Se o Governo fosse um produto transacionável,
a ASAE já o teria removido das prateleiras da democracia e responsabilizado os
partidos da maioria parlamentar que o suportam. Apesar de um prazo de validade
nominal de quatro anos, este "produto" começou a dar sinais de
degradação ao fim de apenas um ano, acabando por apodrecer ao fim de dois, isto
é, apenas a meio do prazo.
Olhemos para o Governo da República a partir
de três dimensões que caracterizam um produto organizacional: orgânica, missão
e liderança.
Na linha da deriva populista e irrefletida que
norteou o período pós-eleitoral de 2011, o primeiro-ministro desenhou um
Governo de orgânica minimalista, com apenas 11 ministros. A gestão de um país
num mundo moderno, onde os tempos são difíceis e os problemas complexos, exige
equipas de dimensão adequada. Por exemplo, o Governo finlandês, que tomou posse
também em 2011, tinha 19 ministros. Como seria de esperar, o Governo tornou-se
numa máquina enferrujada, quase paralisada. Qualquer principiante teria
percebido que não se faz um Governo com menos de 15 ministros.

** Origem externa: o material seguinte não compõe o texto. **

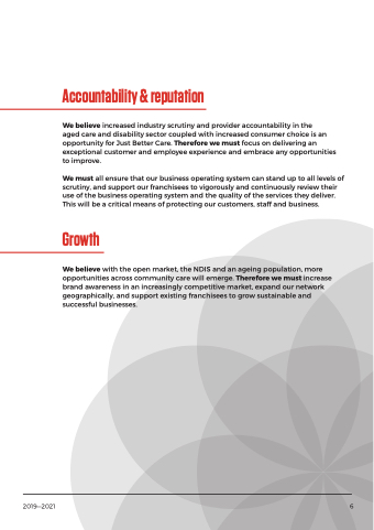 aged care and disability sector coupled with increased consumer choice is an opportunity for Just Better Care. Therefore we must focus on delivering an exceptional customer and employee experience and embrace any opportunities to improve.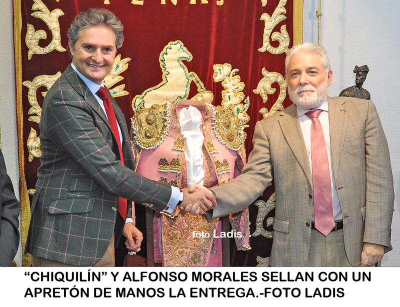 El segundo vestido de torear que usó en su vida taurina el matador de toros Rafael González «Chiquilín», ya luce expuesto en el salón social de la Federación de Peñas Cordobesas gracias a la donación que ha hecho del mismo el propio torero. En las palabras que pronunció en el acto, «Chiquilín» se definió como «un gran admirador de la labor social y de mantenimiento y defensa de las tradiciones populares cordobesas que llevan a cabo las Peñas, y por eso, dijo, uno de mis recuerdos más queridos y que estrené en la Plaza Monumental de Barcelona siendo novillero, lo dono con todo cariño a la Federación para cumplir una promesa que le hice a principios de este año al presidente». Por su parte, Alfonso Morales, presidente de la Federación, se mostró muy agradecido y «consideró un honor contar con este precioso vestío rosa palo y oro que ha pertenecido a uno de los toreros más elegantes que ha dado Córdoba». Asistieron al acto de entrega José Villarrubia, presidente de la peña taurina «Chiquilín» y el vice presidente de la Federación Antonio Arrastio.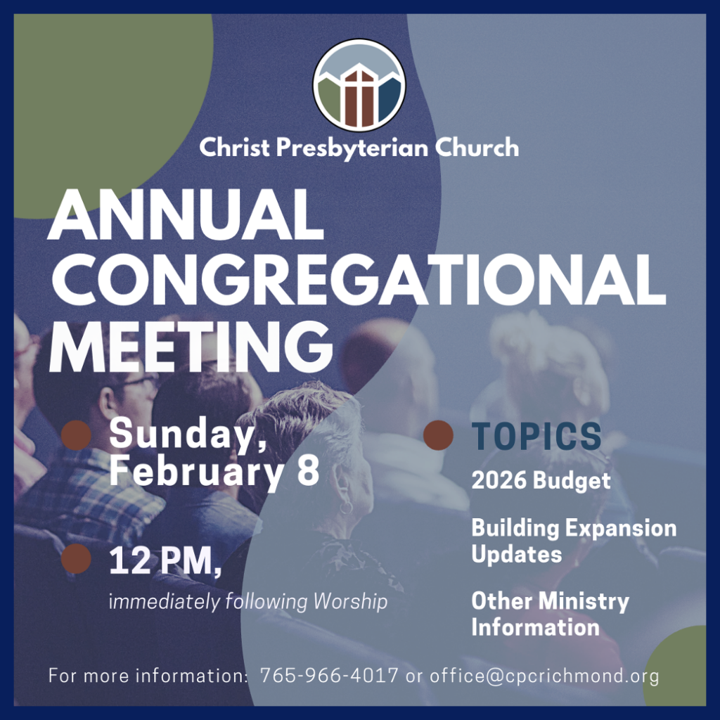 ANNUAL CONGREGATIONAL MEETING 2026 to present the 2026 Budget, Building Expansion Updates, and other Ministry information will be held on Sunday, February 8, 2026, immediately following Worship.

A missão - governar - inscreve-se sempre no
quadro de uma visão e de uma orientação ideológica. Sabia-se da predileção de
Passos Coelho pela linha mais liberal do tipo "quanto menos Estado,
melhor". A este pressuposto acresceu uma crença inamovível nos méritos da
austeridade extrema, uma espécie de trilho perfeito ao longo do qual a economia
afundaria por um tempo curto, tudo o que era ativo tóxico (empresas,
instituições, pessoas) desapareceria e, na sequência, uma esplendorosa
primavera, aí pela metade do mandato, daria vida a uma robusta recuperação, com
os mercados e a Europa ajoelhados ao milagre português.

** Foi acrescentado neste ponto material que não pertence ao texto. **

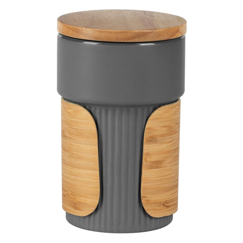 LARS, stoneware mug with bamboo lid and holder, 340 ml, dark gray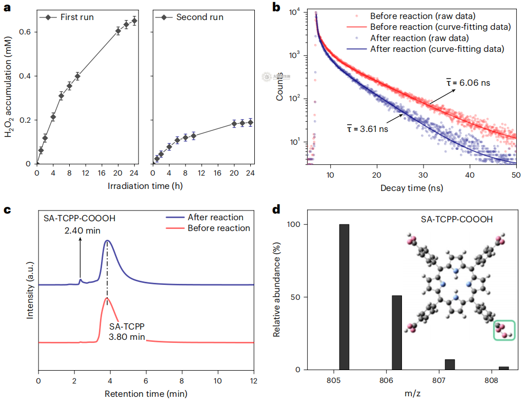 常温(293 K)下,SA-TCPP光催化产生H2O2的性能和CO3H反应中间体的累积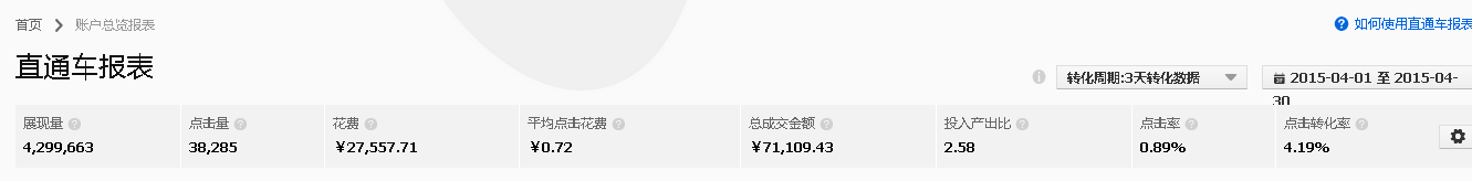 數(shù)據分析:從以上數(shù)據可以看出,4月份賬戶的ROI為2.58,PPC為0.72元。直通車效果呈現(xiàn)比較穩(wěn)定的狀態(tài)。

Assim não foi, como qualquer economista médio
anteciparia, porque não há crescimento sem investimento. O primado das finanças
sobre a economia imposto pela dupla Gaspar-Coelho resultou no decréscimo do
PIB, no aumento dos impostos, do desemprego e da dívida, no descontrolo do
défice e, por fim, na constatação de que as yields não desceram após todo este
esforço. O Governo falhou na missão.
A liderança, corporizada pelo primeiro e pelos
restantes ministros, deixou dúvidas desde o primeiro dia. Entregar
megaministérios a governantes inexperientes, sem peso político para se imporem
perante os pares e sem o conhecimento necessário para trabalharem com os atores
da sociedade e da economia é, naturalmente, erro de principiante. Mas o melhor
diagnóstico deste elenco ministerial foi a imagem derrotada e acabrunhada da
bancada do Governo no debate do estado da Nação de sexta-feira. Ministros que
não se olhavam, um ministro demissionário que ao que parece tinha já arrumado o
gabinete, outro que tem guia de marcha para ser substituído, outra que poderá
ver o seu Ministério partido a meio, enfim, uma vergonha para a nossa
democracia.
A ASAE é, neste caso, o presidente da
República. E, ao contrário da atenta e diligente ASAE da vida real, Cavaco
Silva foi dando espaço a um produto em decadência, ao ponto de, quando
finalmente a podridão se manifestou de dentro para fora, ver o seu espaço de
manobra muito limitado. O caminho, por muito que custe ao presidente, será
fatalmente uma eleição antecipada, quanto antes, melhor. Porque em democracia
não há artifício político que contorne o sufrágio. Tem consequências na
execução do plano de assistência? Certamente que sim. Mas se há dois anos foi
possível juntar as três principais forças políticas e negociar um memorando com
a troika num quadro de eleições antecipadas, não vejo por que razão não se pode
agora renegociar o programa de ajuda, envolvendo as mesmas forças, partindo
para um ato eleitoral que nos traga um Governo mais capaz.
Vale aqui recordar o famoso artigo de Cavaco
escrito em 2004, no qual recuperou a lei de Gresham para estabelecer o paralelo
entre a má moeda que expulsa a boa moeda e os políticos incompetentes que
expulsam os políticos competentes. O professor alertava à data para a
necessidade de inverter este efeito. Pois bem, esta é a hora de, na primeira pessoa,
o agora presidente protagonizar aquilo que no passado defendeu: substituir o
mau produto, fora de prazo, por um outro com validade.